To assess specific CTL killing, MDA-MB231, SK-BR3, SAOS-2, and SAOS-2/p53 tumor cell lines were pretreated with 20 ng/mL IFN-γ and 3 ng/mL TNF-α for 24 hr and then labeled with Na51CrO4 for 1 hr. The labeled target cells and diluted effector cells were coincubated for 4 hr at 37°C. Supernatants were harvested and counted using a gamma counter. Percent specific lysis was calculated using the following formula: percent specific release = (experimental release − spontaneous release) / (total release − spontaneous release) × 100.

Statistical methods

Data were analyzed by GraphPad Prizm 5 software. Values of the results were expressed as means and SEs. Differences were considered to be statistically significant when p value < .05. The percentage of specific lysis was evaluated using two-tailed unpaired t test.

RESULTS

Patient characteristics

Twenty-three HLA-A2+ patients (13 males, 10 females) with solid tumors were enrolled in the study. The characteristics of patients are shown in Table 1. The majority of patients had adenocarcinoma of prostate, colon, and breast origin and had stage III or IV cancer. After stimulation of PBMC with MVAp53 and the human-p53-derived peptide library, over 60% of the patients demonstrated p53-specific IFN-γ production. IFN-γ responses were present in PBMC from patients with all types of solid tumor malignancy with the exception of the one patient with lung cancer. Over 53% of male patients and 70% of female patients demonstrated p53-specific immune responses. In 8 (66.7%) of the younger patients and 6 of the older patients (p = .68), p53-specific responses were identified. Patients with stage IV tumor were less likely to mount p53-specific responses than the group of patients with stage I–III malignancy (p = .26), but this difference was not significant. The status of human p53 expression in tumor did not correlate with p53-specific IFN-γ production (data not shown).

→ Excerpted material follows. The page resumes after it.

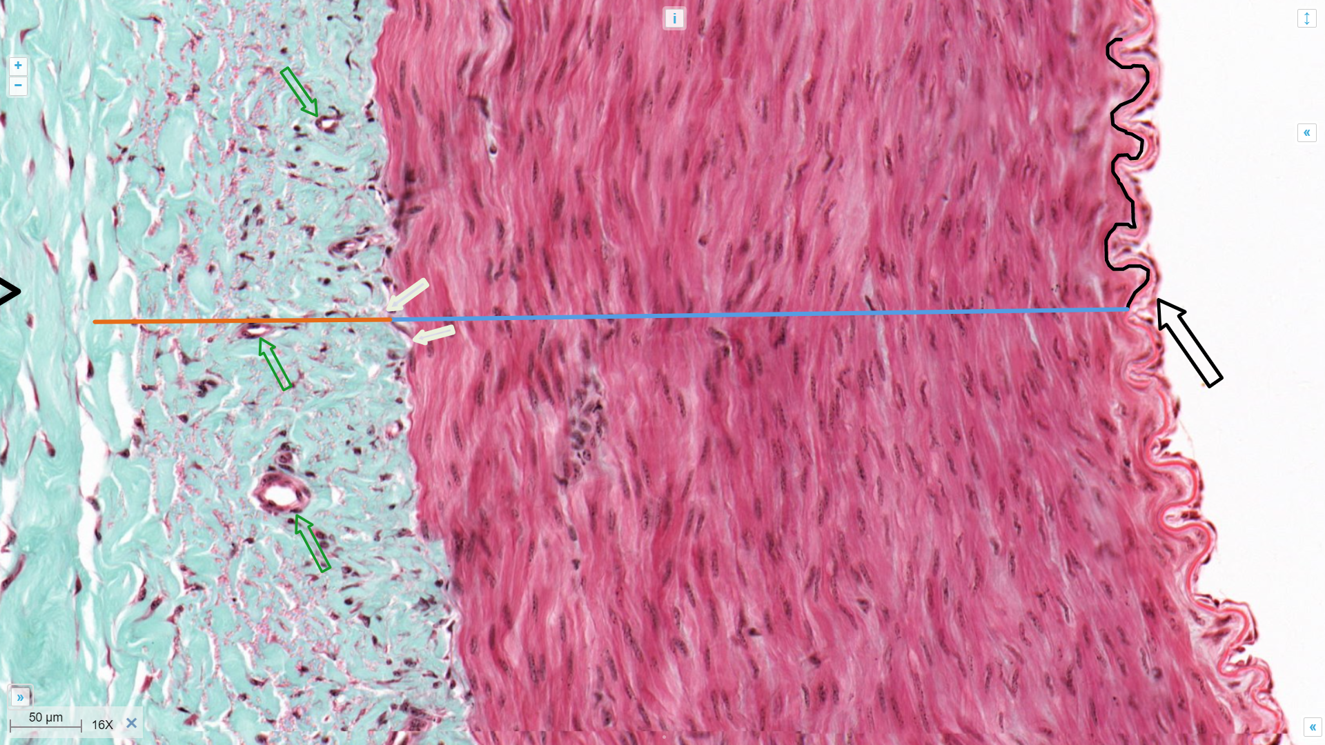 De middelgrote arterie is op zwakke vergroting te herkennen aan een dikke spierlaag. Bij hogere vergroting zijn drie lagen te onderscheiden:

MVAp53 stimulation results in p53-specific IFN-γ+-secreting CD8+ cell expansion

Activation of tumor-specific CD8+ T cells and subsequent amplification of sustained effector CTL responses is of particular importance in tumor immunity. To assess specific IFN-γ-secreting CD8+ cell expansion followed by MVAp53 stimulation, CD8+-enriched cells from a patient with head and neck squamous-cell carcinoma (HNSCC) were stimulated by MVAp53 or MVA-CEA infected CpG-activated autologous PBMC blast APC (Figure 1). The production of p53-specific IFN-γ was identified following stimulation with MVAp53 but not with an MVA expressing the irrelevant control protein CEA (1).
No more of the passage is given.